Sunday, March 23

I almost deleted this blog just now...I circled the cursor over the button that would have done it for a little while. You would have gotten a good ol' message from blogger that said that this page doesn't exsist any longer. You wouldn't be reading this right now if I'd done that. Then I thought I was being foolish. I have too much emotional energy invested in this damn thing. It's the only thing I have that's there for me most of the time that I ask it to be.

But the fact remains that I have lost it pretty much completely. I am demoralized. I am outraged. I am sick and tired of the world and of myself.

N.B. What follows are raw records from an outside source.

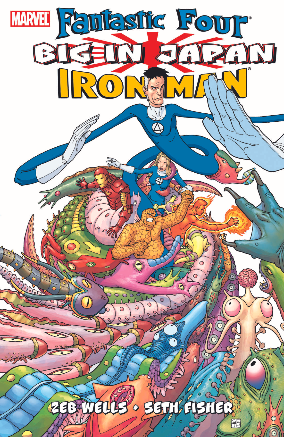 Collects Fantastic Four/Iron Man: Big In Japan #1-4 and material from Spider-Man Unlimited #8. Mass panic has struck the streets of Tokyo! The media has initiated round-the-clock coverage. Uncontrollable crowds are choking the streets, and kaiju hysteria has gripped the island of Japan for the first time in 50 years! Because the Fantastic Four, the world's first super-hero big-monster battling squad, and playboy industrialist Tony Stark have descended on the Land of the Rising Sun! Zeb Wells (NEW WARRIORS, SPIDER-MAN/DOCTOR OCTOPUS: YEAR ONE) and Seth Fisher (Green Lantern: Willworld, Batman: Legends of the Dark Knight) bring you a manic fusion of Marvel super heroes with Japanese pop culture that proves why the FF and Iron Man are big in Japan! It's an all-out romp with big monsters a-go-go as Droom, Giganto and Eerok, the giant ape -- along with hundreds of manic '50s Marvel monsters -- trample Tokyo's first-ever Kaiju Museum and Celebration!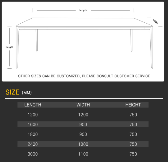 As a professional ceramic top dining table manufacturer, we can customize the dining table according to the size required by the customer. If you are interested in our products, please feel free to contact us at any time.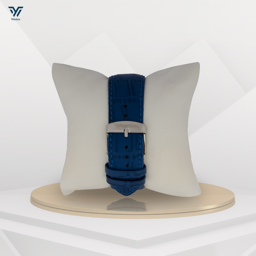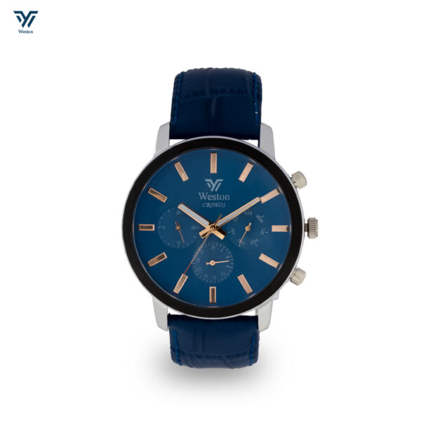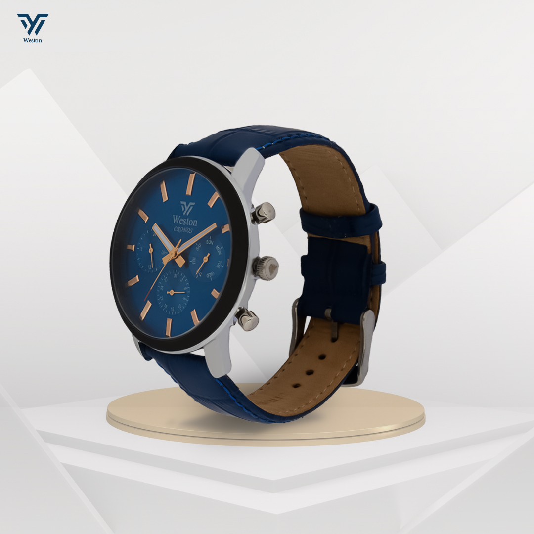 This Weston Cronos Series is a perfect blend of classic style and modern functionality. The sleek blue dial with rose gold accents and chronograph sub dials creates a striking contrast against the silver-toned stainless steel case and blue leather strap.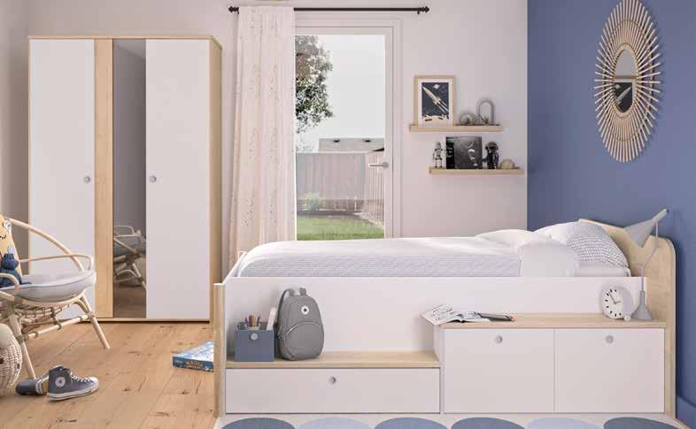 CHAMBRE MATIS. Coloris chataigner naturel et blanc. Armoire 2 portes. 129,4x201,6x59,8 cm. Code 04001027. 529,50€ 370,65€ Lit compact pour couchage 90x200 cm (sans literie). Avec tiroirs de rangement. 124,7x207,6x59,9/80 cm. Code 04001028. 399,99€ 279,99€ Bureau. 135,8x56x75 cm. Code 04001029. 269,99€ 188,99€ Chevet 1 porte.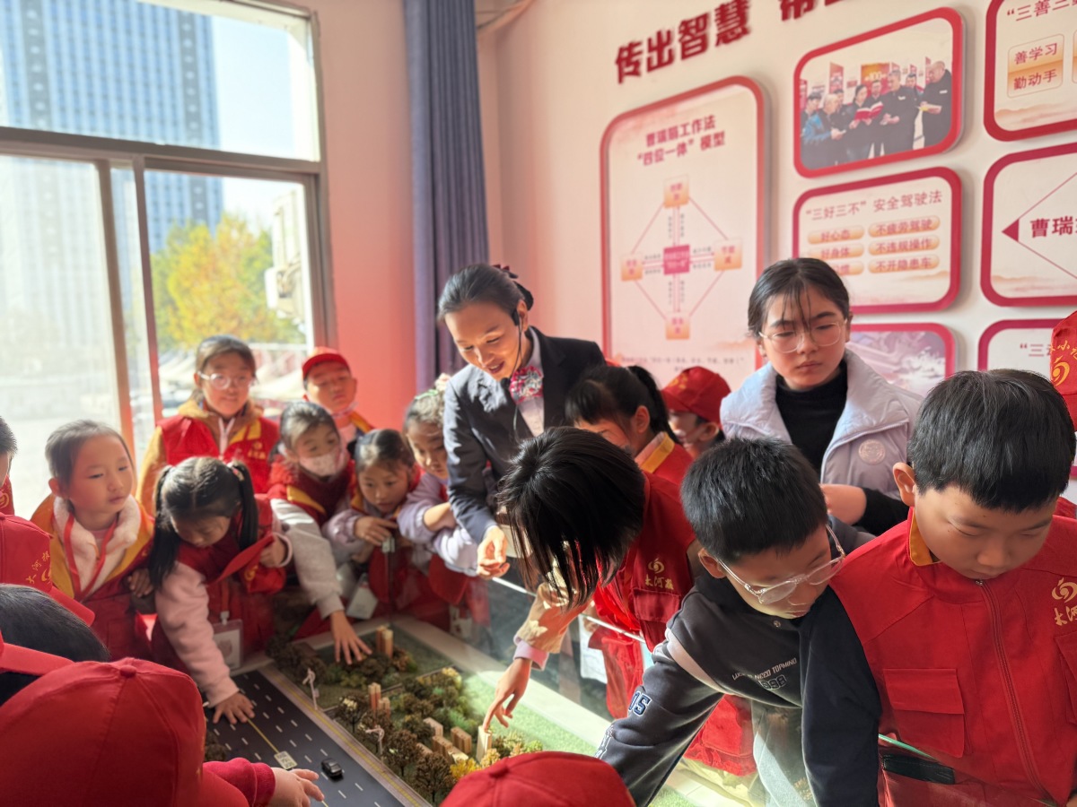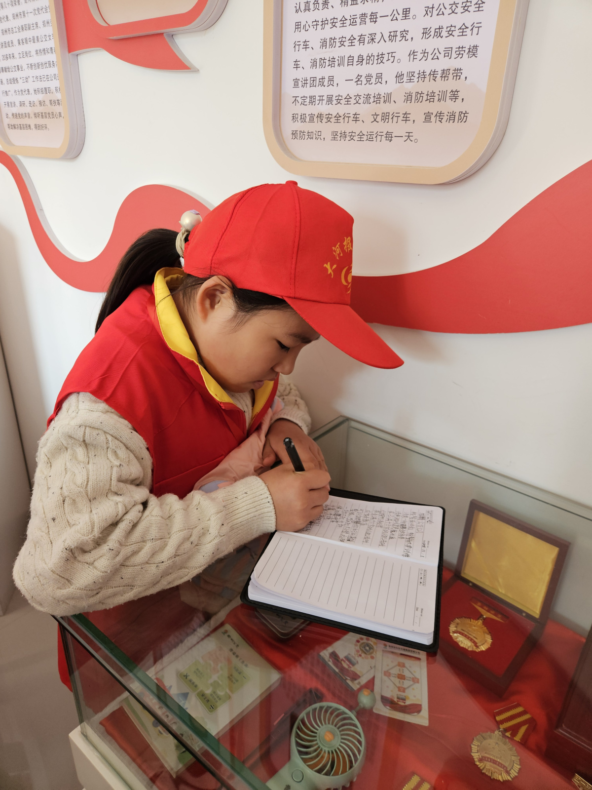 随后,小记者们走进郑州公交第一运营公司曹瑞娟工作室参观学习。公交工作人员虎老师为大家讲述了郑州公交的发展历程,展现了新时代公共交通的创新与进步。在荣誉展示墙前,一张张党员司机帮扶乘客、应急救援的照片,一个个“文明服务示范线路”的奖牌,令小记者们直观感受到党建引领下公交人的责任与担当。“原来每一趟安全准点的公交车背后,都有无数叔叔阿姨的辛勤付出。”一位小记者在采访本上认真写下自己的感悟。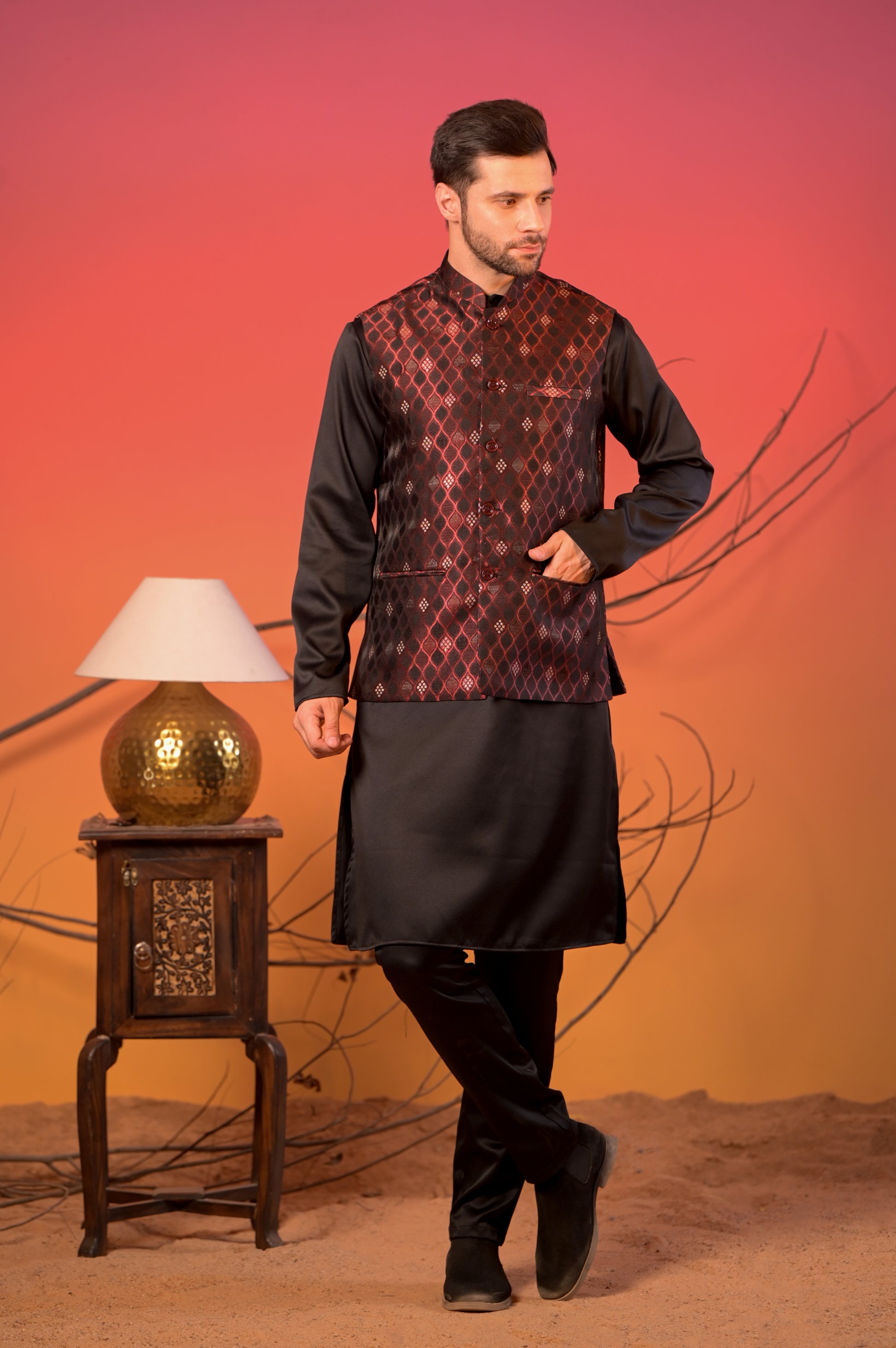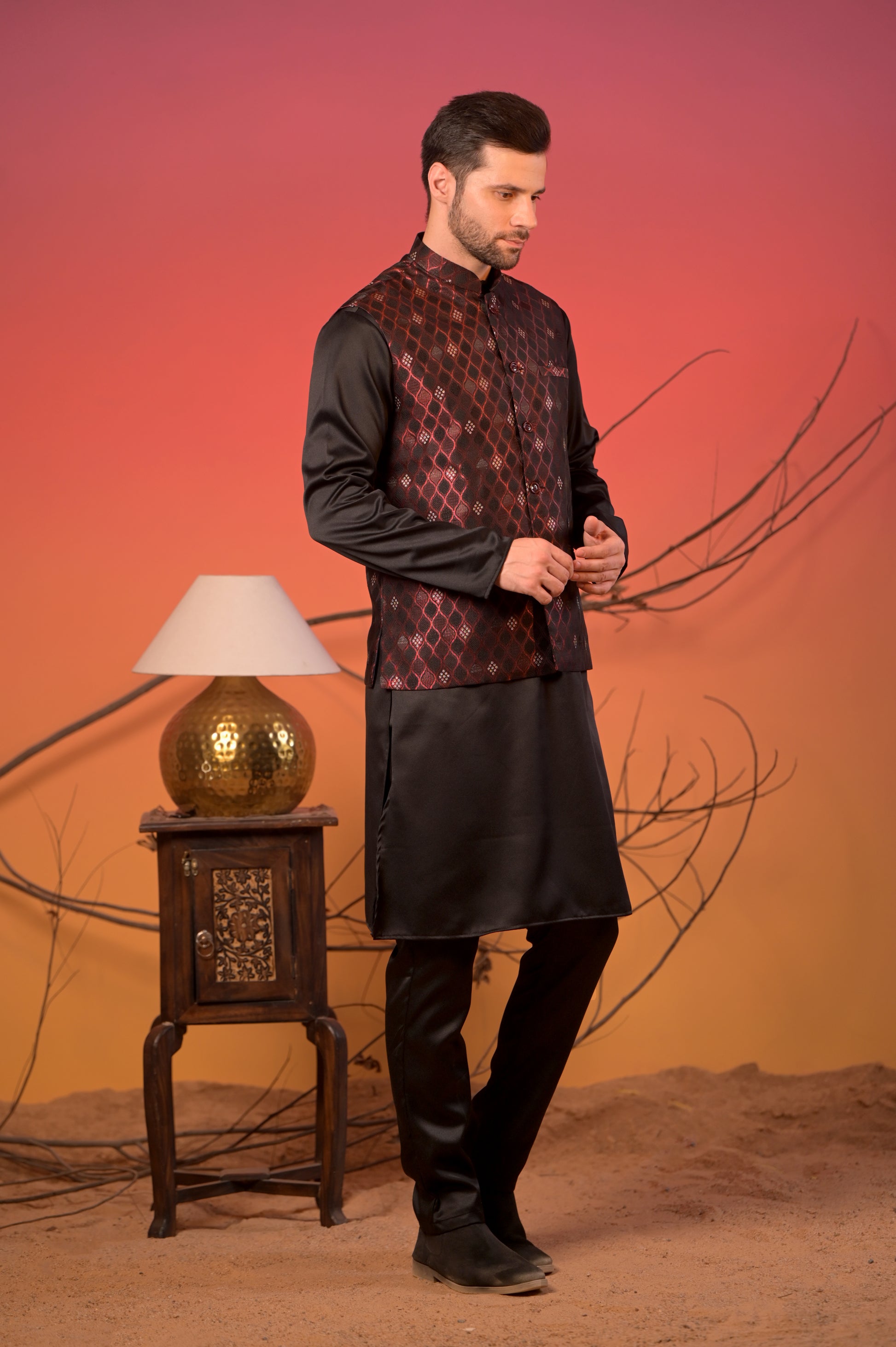 Black Jacquard Kurta with Maroon Diamond Weave Nehru Jacket & Trousers Set

I don't know why I say these things. It's not as if anyone can do anything. If they could, I don't know that anyone would. No one cares enough about me to give me those sorts of needs, that sort of attention. Because I think that's why I say half of what I say, because I need attention and no one gives me nearly enough. I am seriously alone (outside of work) all but five hours a week. The rest of the time is spent trying to entertain myself, but you run out of things after awhile. I've been out of thigns to do for months now. No one will bowl with me, no one will go to the theater with me, no one will go to hockey games, to the casino, to the arcade, to movies, to museums, to anything but the bar. AND I FUCKING HATE THE BAR. Fuck, masturbation has even lost its luster.

This blog is a cry for help. And I am sick of crying for help.

I am the fucking video game on your cell phone that you play when there's absolutely nothing else to do.